Carlos Alcaraz, de son côté, a expliqué avoir ajusté son alimentation sans pour autant suivre un régime rigide, augmentant sa consommation de poisson, réduisant la viande rouge et intégrant parfois des pâtes sans gluten avant les matchs, toujours sous la supervision de spécialistes.
Richard Gasquet a souvent insisté sur la nécessité de s’accorder des plaisirs pour préserver l’équilibre psychologique. Andy Murray, enfin, a évoqué des apports caloriques très élevés durant sa carrière, allant jusqu’à plusieurs milliers de calories par jour, tout en reconnaissant que certaines expériences nutritionnelles, comme le sans-gluten, ne lui convenaient pas.
L’intersaison, clé de la performance durable
Ces exemples convergent vers une même conclusion : au plus haut niveau, il n’existe pas de recette universelle. L’alimentation, comme le repos, est un outil de performance qui doit être adapté à l’individu, à son métabolisme, à son histoire et à sa charge de travail.
L’intersaison, longtemps perçue comme un simple sas entre deux campagnes, s’impose aujourd’hui comme un pilier de la performance durable. Dans un tennis professionnel toujours plus exigeant, ces quelques semaines de repos conditionnent souvent la réussite des mois à venir.
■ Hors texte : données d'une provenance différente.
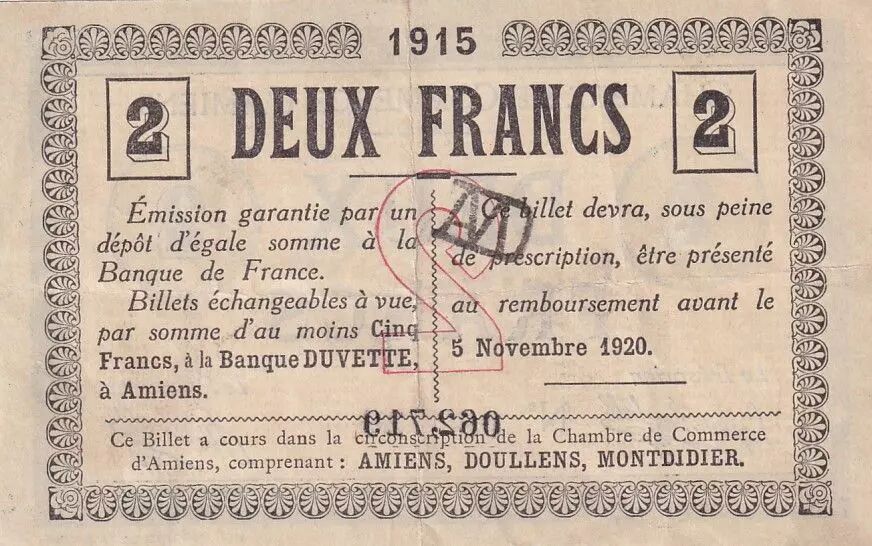 Ce billet de 2 francs a été émis par la Banque Duvette de la ville d'Amiens. Daté du 15 septembre 1914, il porte les signatures des délégués de la Chambre de Commerce d'Amiens. Le recto du billet présente une inscription en caractères latins indiquant la valeur nominale de "DEUX FRANCS" ainsi que la mention de la "VILLE D'AMIENS" et de la "BANQUE DUVETTE". L'imprimeur mentionné est "IMP. DU PROGRES".

À travers les parcours de Federer, Nadal, Djokovic, Murray, Sinner ou Alcaraz, se dessine une réalité complexe, faite d’équilibres fragiles, d’ajustements constants et de choix profondément personnels.
Au-delà du tennis, cette réflexion pourrait être élargie à d’autres sports à saison longue, comme le golf, le cyclisme ou le triathlon. Comparer les stratégies de récupération et de nutrition dans ces disciplines offrirait un éclairage précieux sur les liens profonds entre repos, alimentation et performance durable dans le sport de haut niveau.